§ WHAT YOU NEED TO DO
Set down the whole listing below exactly, without pictures.

§ GIVEN INFORMATION
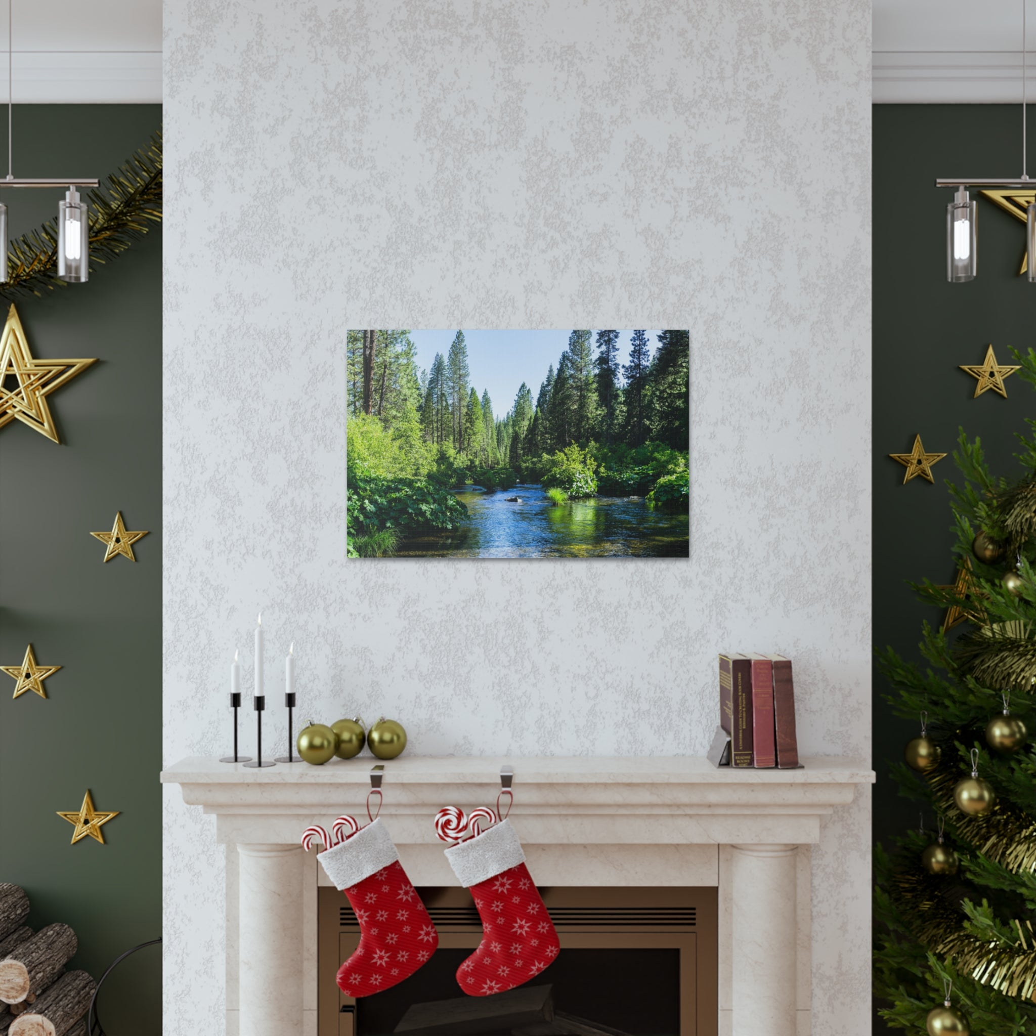 River Through The Green Forest Nature Wilderness Photography Canvas Wall Art for Home Decor Ready-to-Hang
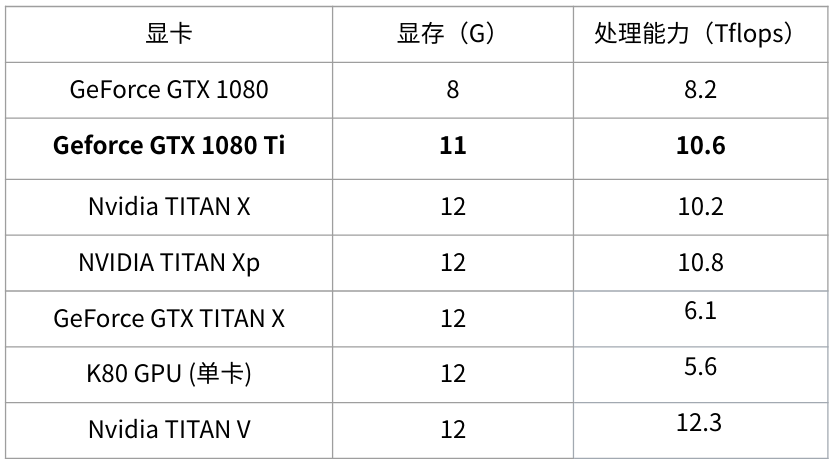- tensorcore的性能目前来看还无法全面发挥出来, 这里不考虑. 其它的tesla系列像P100这些企业级的显卡这里不列了,普通消费者不会买, 而且性价比较低(一台DGX 1上百万.....)
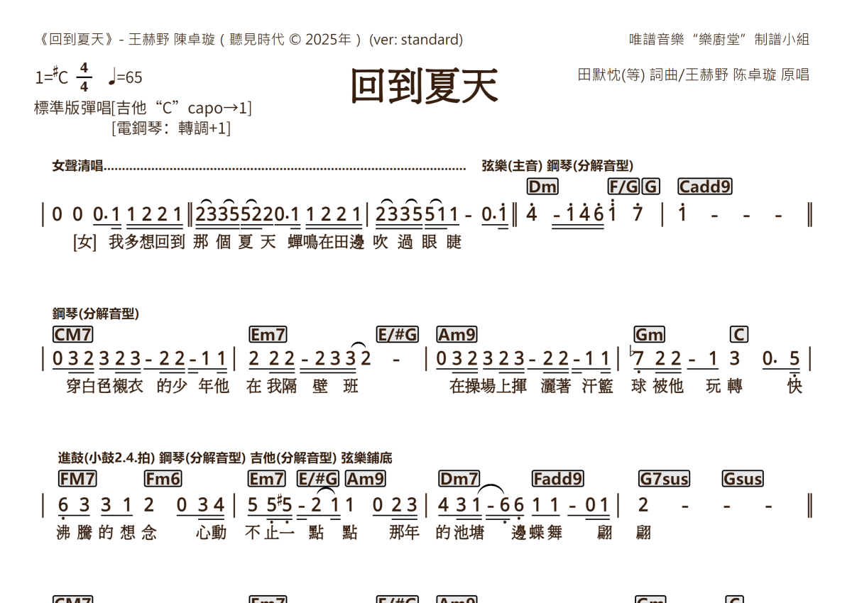 陈卓璇 王赫野《回到夏天》简谱 - 标准版弹唱谱
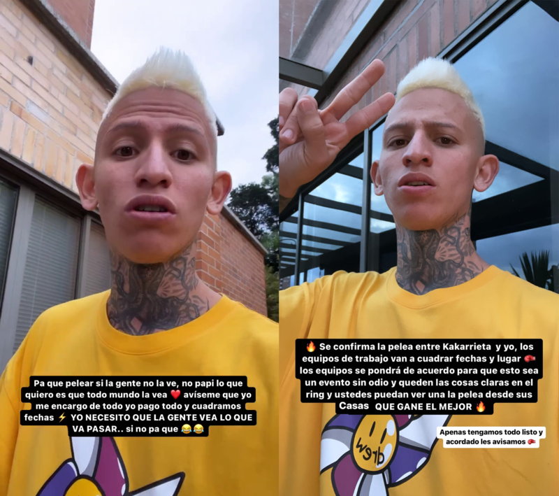 “Se confirma la pelea entre Kakarrieta y yo, los equipos de trabajo van a cuadrar fechas y lugar”, escribió el creador de contenido refiriéndose a Nicolás Arrieta. “Los equipos se pondrán de acuerdo para que esto sea un evento sin odio y queden las cosas claras en el ring”.

§ RESULT OF THE TASK
 River Through The Green Forest Nature Wilderness Photography Canvas Wall Art for Home Decor Ready-to-Hang
- tensorcore的性能目前来看还无法全面发挥出来, 这里不考虑. 其它的tesla系列像P100这些企业级的显卡这里不列了,普通消费者不会买, 而且性价比较低(一台DGX 1上百万.....)
 陈卓璇 王赫野《回到夏天》简谱 - 标准版弹唱谱
 “Se confirma la pelea entre Kakarrieta y yo, los equipos de trabajo van a cuadrar fechas y lugar”, escribió el creador de contenido refiriéndose a Nicolás Arrieta. “Los equipos se pondrán de acuerdo para que esto sea un evento sin odio y queden las cosas claras en el ring”.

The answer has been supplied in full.